I also would like to do this in an efficient way, so pre-built tensorflow function or method involving tensorflow functions would probably be the most efficient. I define pre-known special tokens such as an end of sentence token and a default unknown as the empty string ("at index 0), but this is limited in its power to learn for various different unknown words. I currently use tf.nn.embedding_lookup() as the final embedding step.
I would like to be able to add new random 300d vectors for each unknown word in the training data, and I would also like to add pre-made random word vectors for any unknown tokens not seen in training that is possibly encountered during testing. What is the most efficient way of doing this?
def embed_tensor(string_tensor, trainable=True):
"""
Convert List of strings into list of indicies then into 300d vectors
"""
# ordered lists of vocab and corresponding (by index) 300d vector
vocab, embed = load_pretrained_glove()
# Set up tensorflow look up from string word to unique integer
vocab_lookup = tf.contrib.lookup.index_table_from_tensor(
mapping=tf.constant(vocab),
default_value = 0)
string_tensor = vocab_lookup.lookup(string_tensor)
# define the word embedding
embedding_init = tf.Variable(tf.constant(np.asarray(embed),
dtype=tf.float32),
trainable=trainable,
name="embed_init")
# return the word embedded version of the sentence (300d vectors/word)
return tf.nn.embedding_lookup(embedding_init, string_tensor)
The code example below adapts your embed_tensor function such that words are embedded as follows:
For words that have a pretrained embedding, the embedding is initialized with the pretrained embedding. The embedding can be kept fixed during training if trainable is False.
For words in the training data that don't have a pretrained embedding, the embedding is initialized randomly. The embedding can be kept fixed during training if trainable is False.
For words in the test data that don't occur in the training data and don't have a pretrained embedding, a single randomly initialized embedding vector is used.
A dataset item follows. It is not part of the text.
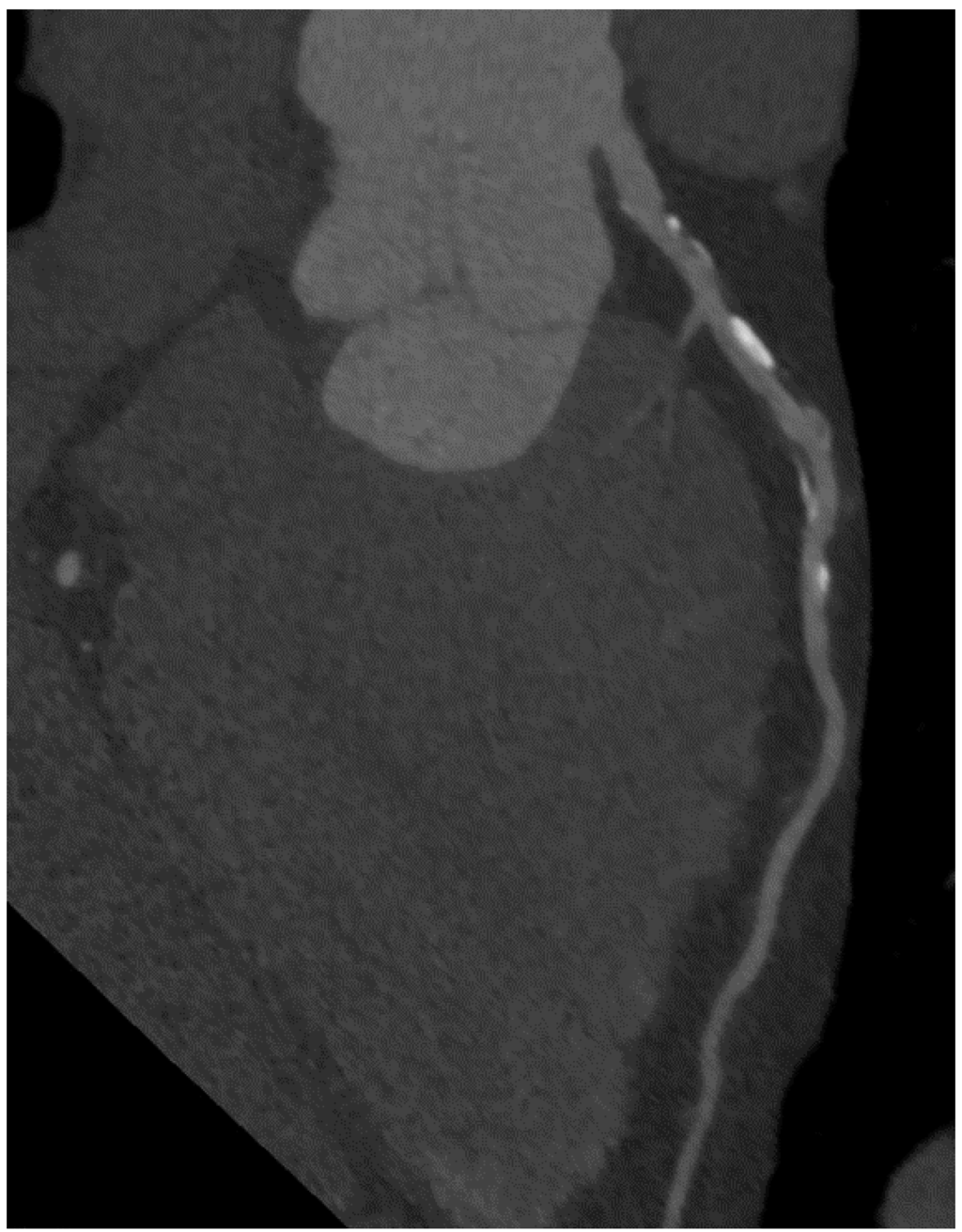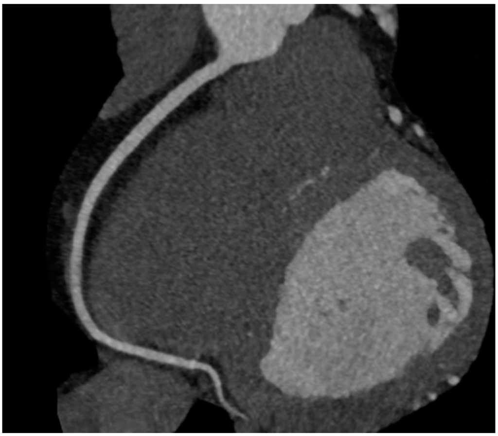 When performing CCTA in patients with intermediate risk for CAD, a substantial portion of the patients show coronary plaques (Figure 5). Hausleiter et al. assessed 161 patients of whom almost 30% had noncalcified plaques; most had both noncalcified and calcified plaques. In this group, 6% had plaques without any calcification [31]. Several studies compared the diagnostic accuracy of detecting coronary artery stenoses compared to invasive angiography [32], some additionally with intravascular ultrasonography (IVUS) [33,34,35]. Sensitivity for detection of plaques range above 90%, negative predictive values approach 100% in patients with low to intermediate probabilities of CAD. CCTA is a reliable method, especially for ruling out relevant plaques and stenoses in coronary arteries (Figure 6). One major limitation is a reduced ability to reliably quantify the degree of stenoses [36] which is the reason for lower positive predictive values and specificity due to the fact that stenoses tend to be overestimated in CCTA especially in calcified lesions. Specificity ranges between 64% and 87%, depending on patient characteristics such as obesity or calcification [32,35,37]. A recent meta-analysis comprised 42 studies in which CCTA was compared to IVUS for detection of any plaques. Sensitivity and specificity were 93% and 92%, respectively [34]. Furthermore, imaging artifacts can lead to misinterpretation. Most of the existing studies were, however, performed using 64-slice CCTA. Technology has remarkably improved in the last decade so that dual-source scanners with 2 × 128 slices and more are the technical standard at present. In a meta-analysis by Voros et al., it could be demonstrated that sensitivity improves from 84% to 94% when images are obtained with 64-slice scanners compared to 16-slice scanners [38]. Still, different attenuation values inside the same plaques (fibrous, lipid-rich, necrotic and calcified) make the classification and reproducibility of lesions challenging.

This vector can't be trained.
import tensorflow as tf
import numpy as np
EMB_DIM = 300
def load_pretrained_glove():
return ["a", "cat", "sat", "on", "the", "mat"], np.random.rand(6, EMB_DIM)
def get_train_vocab():
return ["a", "dog", "sat", "on", "the", "mat"]
def embed_tensor(string_tensor, trainable=True):
"""
Convert List of strings into list of indices then into 300d vectors
"""
# ordered lists of vocab and corresponding (by index) 300d vector
pretrained_vocab, pretrained_embs = load_pretrained_glove()
train_vocab = get_train_vocab()
only_in_train = list(set(train_vocab) - set(pretrained_vocab))
vocab = pretrained_vocab + only_in_train
# Set up tensorflow look up from string word to unique integer
vocab_lookup = tf.contrib.lookup.index_table_from_tensor(
mapping=tf.constant(vocab),
default_value=len(vocab))
string_tensor = vocab_lookup.lookup(string_tensor)
# define the word embedding
pretrained_embs = tf.get_variable(
name="embs_pretrained",
initializer=tf.constant_initializer(np.asarray(pretrained_embs), dtype=tf.float32),
shape=pretrained_embs.shape,
trainable=trainable)
train_embeddings = tf.get_variable(
name="embs_only_in_train",
shape=[len(only_in_train), EMB_DIM],
initializer=tf.random_uniform_initializer(-0.04, 0.04),
trainable=trainable)
unk_embedding = tf.get_variable(
name="unk_embedding",
shape=[1, EMB_DIM],
initializer=tf.random_uniform_initializer(-0.04, 0.04),
trainable=False)
embeddings = tf.concat([pretrained_embs, train_embeddings, unk_embedding], axis=0)
return tf.nn.embedding_lookup(embeddings, string_tensor)
FYI, to have a sensible, non-random representation for words that don't occur in the training data and don't have a pretrained embedding, you could consider mapping words with a low frequency in your training data to an unk token (that is not in your vocabulary) and make the unk_embedding trainable. This way you learn a prototype for words that are unseen in the training data.
I never tried it but I can try to provide a possible way using the same machineries of your code, but I will think of it more later.
The index_table_from_tensor method accepts a num_oov_buckets parameter that shuffles all your oov words into a predefined number of buckets.
If you set this parameter to a certain 'enough large' value, you will see your data spreads among these buckets (each bucket has an ID > ID of the last in-vocabulary word).
So,
if (at each lookup) you set (i.e. assign) the last rows (those corresponding to the buckets) of your embedding_init Variable to a random value
if you make num_oov_bucketsenough large that collisions will be minimized
you can obtain a behavior that is (an approximation of) what you are asking in a very efficient way.
The random behavior can be justified by a theory similar to the hash table ones: if the number of buckets is enough large, the hashing method of the strings will assign each oov word to a different bucket with high probability (i.e. minimizing collisions to the same buckets). Since, you are assigning a different random number to each different bucket, you can obtain a (almost) different mapping of each oov word.
An idea I had for this was to capture the new words to the pre-trained embedding by adding a new dimension for each new word (basically maintaining the one-hot nature of them).
Assuming the number of new words is small but they're important, you could for instance increase the dimensions of your embedded results from 300 to 300 + # of new words where each new word would get all zeros except 1 in it's dimension.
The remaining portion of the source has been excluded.